まとめの一句。「すべての言語の潜在的な内容は同じ——経験の直観的な科学。二度と同じでないのは顕在的な形式のほうだ」。だから「言語が人種そのものから流れ出ることは、ソネットの形式が人種から流れ出ないのと同じくらい、ありえない」。
6. 言語は集団の芸術
最終章は文学。文学には二層ある——(1) 一般化された非言語的な芸術(翻訳できる。シェイクスピア、深い象徴)、(2) 特定の言語に固有の芸術(翻訳できない。スウィンバーン)。「文学作品は決して翻訳できない」(クローチェ)——にもかかわらず翻訳されるのは、深層が「あらゆる言語がその翻訳であるような記号的代数」からの翻訳だから。シェイクスピアやハイネは二層を融合する——「ハイネを読むと、宇宙がドイツ語を話しているような錯覚に陥る」。
文体とは絶対的なものではなく「言語自体が、その自然な溝を流れているもの」。韻律も言語の音の力学から生じる——「ラテン語・ギリシャ語の詩は対比する重さ(長短)、英語の詩は対比する強勢、フランス語の詩は数と反響、中国語の詩は数と反響と対比する声調に依る」。

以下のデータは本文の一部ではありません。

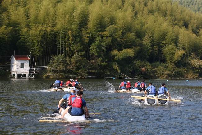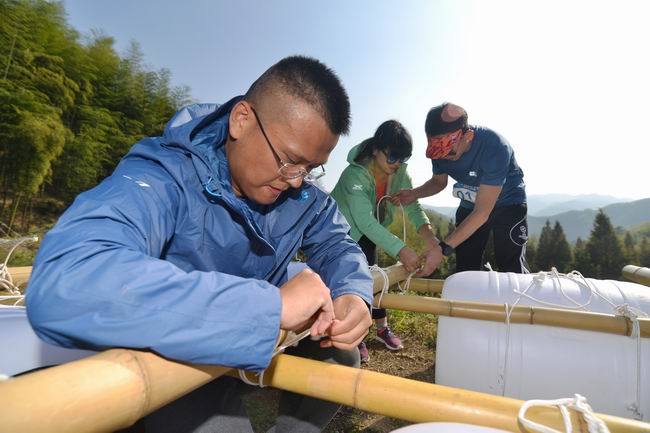穿越竹海后,选手们在莫干山水库边迎来了烧脑的扎筏泅渡比赛。在规定的40分钟时间里,每组选手要设计并捆扎出足以保证他们完成泅渡任务的竹筏。富有趣味的挑战激发了他们的潜能,每组选手尽显才华,充分发挥奇思妙想,设计制作的竹筏风格迥异,在争分多秒的计时赛中各显神通。

本の結び——「言語は、我々が知る最も massive で包括的な芸術、無意識の世代が作りあげた、山のように大きく作者不明の作品である」。
まとめ
| サピアの主張 | どこで |
|---|---|
| 言語は本能でなく文化。生理的には「上に乗った機能」。本質は音でなくパターン | 第1章 |
| 形式(方法)と機能(概念)は独立。品詞さえ言語相対的 | 第4〜5章 |
| 進化論的な言語分類は自民族中心の思い込み。すべての言語は形式言語 | 第6章 |
| 言語は自律的にドリフトする。変化は方向を持ち、現在に予示される | 第7〜8章 |
| 言語・人種・文化は独立変数。「民族の天才」は迷信 | 第9〜10章 |
| 言語は集団の芸術。文体・韻律はその言語の力学の露頭 | 第11章 |
なぜ今も読まれるか
- 音のパターン(第3章)——「客観的な音の背後にある理念的な体系」という考えは、のちの音素論(プラーグ学派・アメリカ構造主義)に直結する。記号は差異で働くというソシュールの考えとも響き合う。

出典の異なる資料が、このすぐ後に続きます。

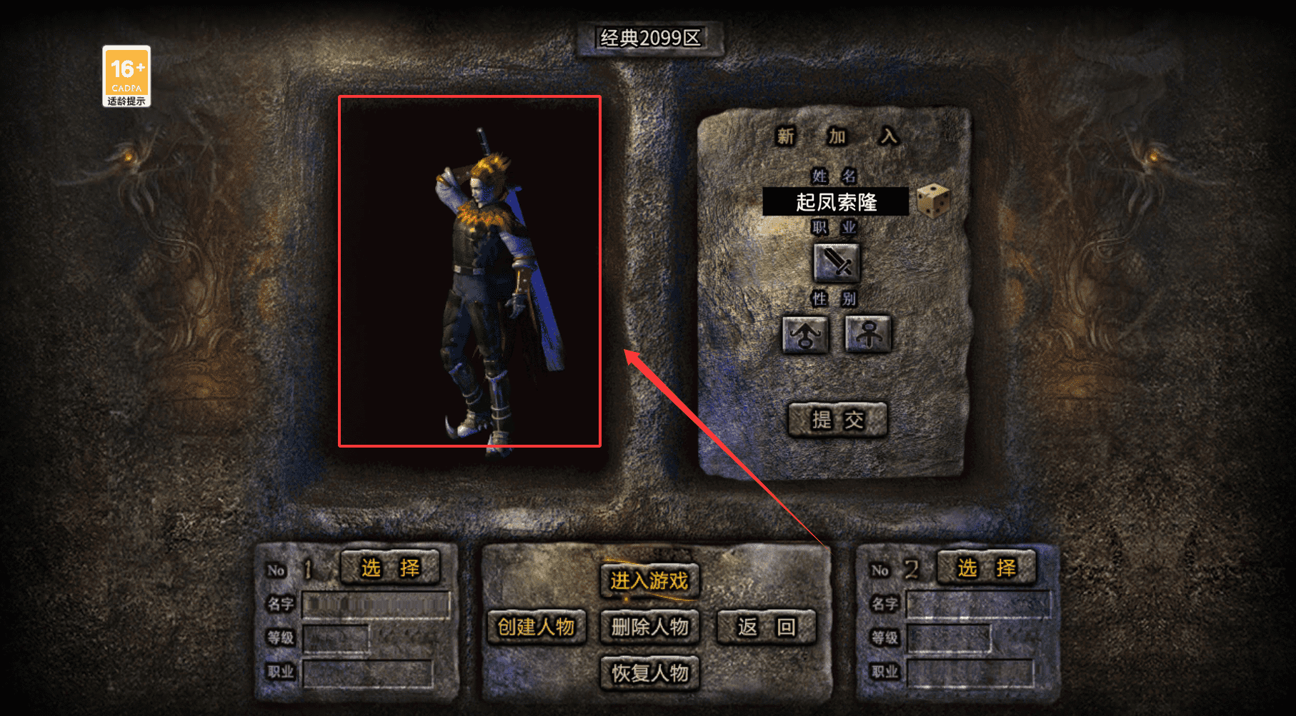1、先打开游戏界面,你会看到经典2099区和几个选项,包括进入游戏、创建人物等。

- 言語相対論——第1章の「思考の鋳型」、第10章の「言語=思考の《やり方》」は、のちのサピア=ウォーフ仮説の源泉。ただし本書のサピアは「潜在的な内容はどの言語も同じ」とも言っており、素朴な言語決定論ではない。
- 言語類型論——第6章の多軸分類は現代の類型論の先駆。
- 反・言語人種主義——第10章は、20世紀の「国語の精神」言説への解毒剤であり続けている。
同じ時代の一冊、ソシュール『一般言語学講義』は「概要」「やさしく〈前半〉」「三つのことば」へ。ソシュールが体系の内部論理へ向かうのに対し、サピアは言語を文化・歴史・人種・芸術のあいだに置いた。二人は独立に、「形式は差異であって実体ではない」という同じ直観にたどり着いている。